Dilekçede, bunun sonucunda pek çok öğrencinin girmesi daha kolay olan ancak yatırım yapmak zorunda kalmayacakları bir disiplini seçmek zorunda kalacakları belirtiliyor.
Tıp öğrencisi Marie, bazı öğrencilerin hedeflerinden vazgeçmektense eğitimlerini yurt dışında tamamlamayı tercih edecekleri konusunda uyarıyor.
Facebook destek gruplarında her gün tıp öğrencisi arkadaşlarının İsviçre ya da Belçika’da eğitimlerine nasıl devam edebilecekleri konusunda tavsiye isteyen mesajlarını gördüğünü söyledi.
Bunu telafi etmek için Fransa’nın ters yönde yabancı doktor ithal etmesi gerekebilir. Hibon, “Fransa’ya gelip eğitim almak isteyen yabancı pratisyenler için birkaç açık pozisyon daha olabilir,” dedi.
Ancak Fransız tıp öğrencileri böyle bir çözümü hem kendilerine hem de gelebilecek yabancı doktorlara haksızlık olarak görüyor. Marie, “Yabancı doktorlar da kandırılıyor çünkü bizden daha az maaş alıyorlar, dolayısıyla onlar da sömürülüyor,” dedi.
Daha genel olarak bu tartışma, Fransa’daki tüm tıp sektörünün COVID-19 salgını nedeniyle kötüleşen ruh sağlığı ve çalışma koşullarından – yorgunluk, fazla mesai, denetim eksikliği, rekabet, önemli sorumluluklar ve düşük ücretler – muzdarip olduğu bir dönemde gerçekleşiyor.

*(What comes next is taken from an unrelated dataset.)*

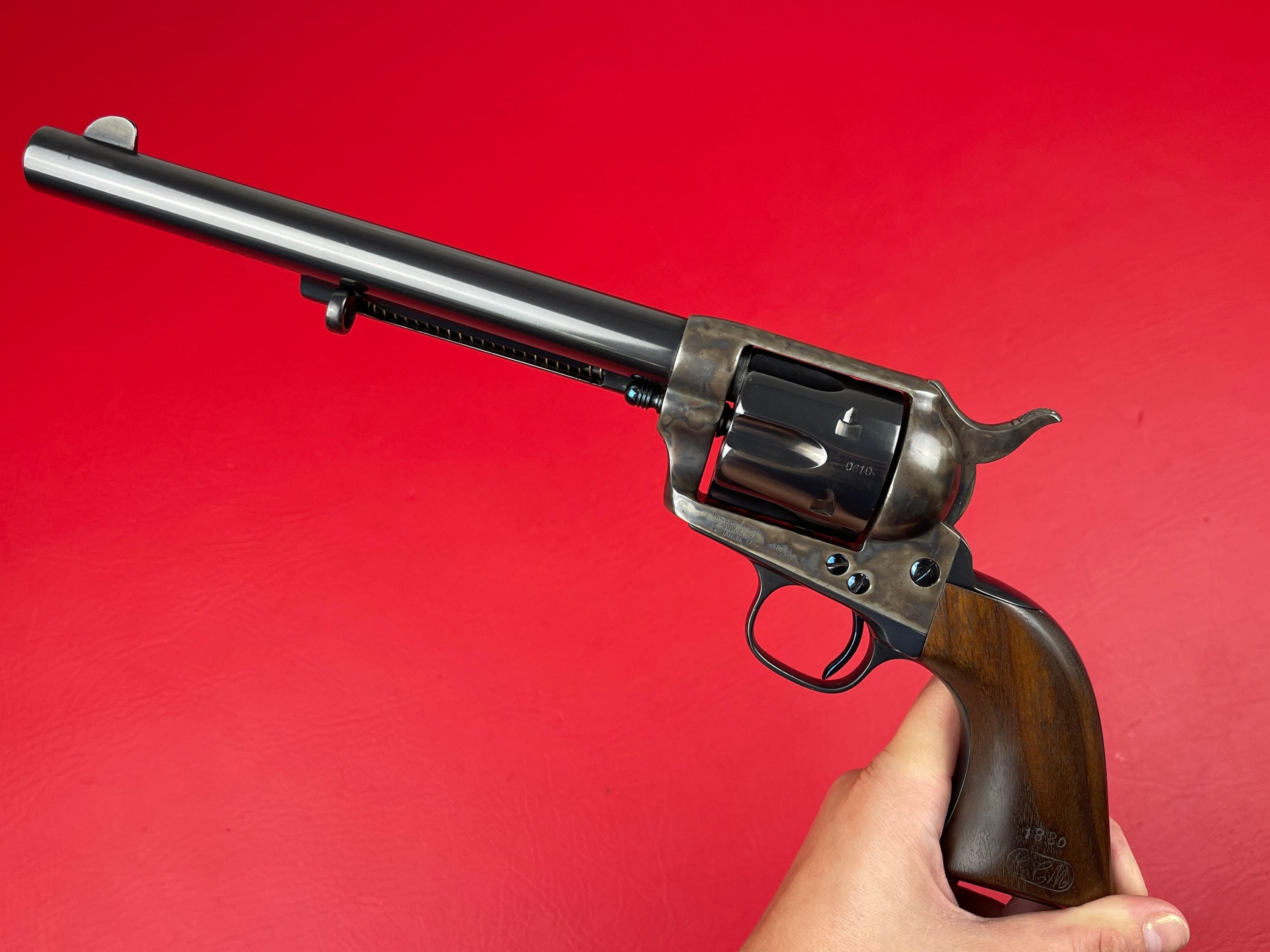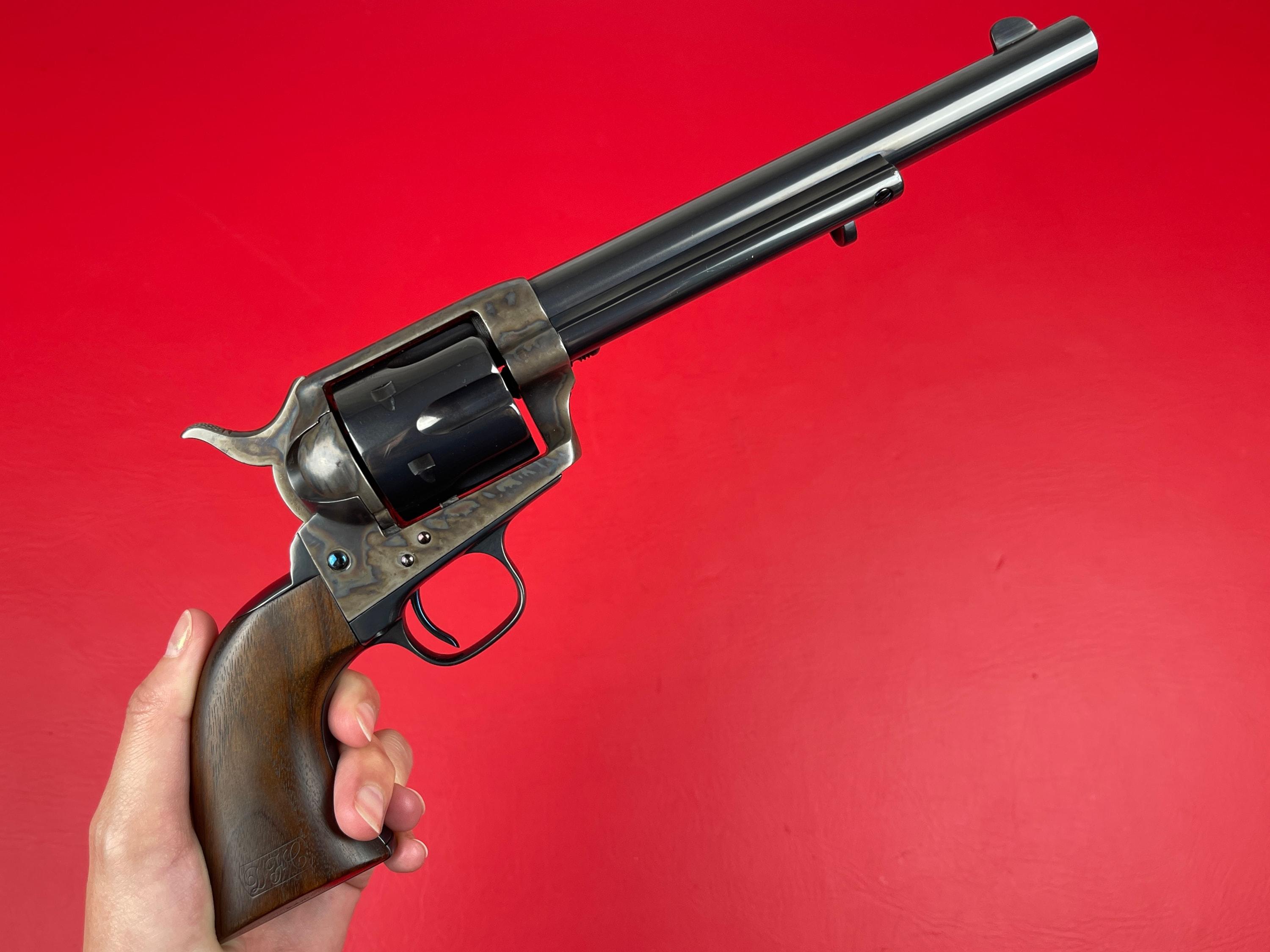 This Colt 1873 Single Action Army was manufactured in 1880 and is a genuine U.S. Artillery Model, DFC inspected. The revolver has been professionally restored and presents in excellent condition. It features a deep blued barrel and cylinder, a beautifully case-hardened receiver, and walnut grips bearing the D.F.C. inspection marks. Mechanically tight with excellent timing and lock-up, this is a striking example of a historic U.S. military Colt SAA.

Tüm bu zorluklar Avrupa’da yıllardır sürüyor, ancak DSÖ Avrupa temsilcilerinin 2023’te kabul ettiği sağlık ve bakım iş gücüne ilişkin Bükreş Deklarasyonu aracılığıyla kıtanın hastaneleri için ufukta bir umut olabilir.
Bildirge, sağlık ve bakım çalışanlarının işe alımını ve işte tutulmasını iyileştirmek, sağlık iş gücü tedarik mekanizmalarını geliştirmek, iş gücünün performansını optimize etmek ve iş gücü eğitimine yapılan kamu yatırımlarını artırmak için siyasi eylem çağrısında bulunuyor.
Ancak ülkelerin bildirgeyi pratikte nasıl uygulayacakları henüz belli değil ve ne olursa olsun, riskler yüksek. Kötüleşen çalışma koşullarıyla mücadele eden bir doktor, bakım kalitesini kesinlikle olumsuz etkileyecektir.
Marie, “Bir hasta bakıcı kötü muamele gördüğünde, 10 hastanın da kötü muamele gördüğünü biliyoruz,” dedi.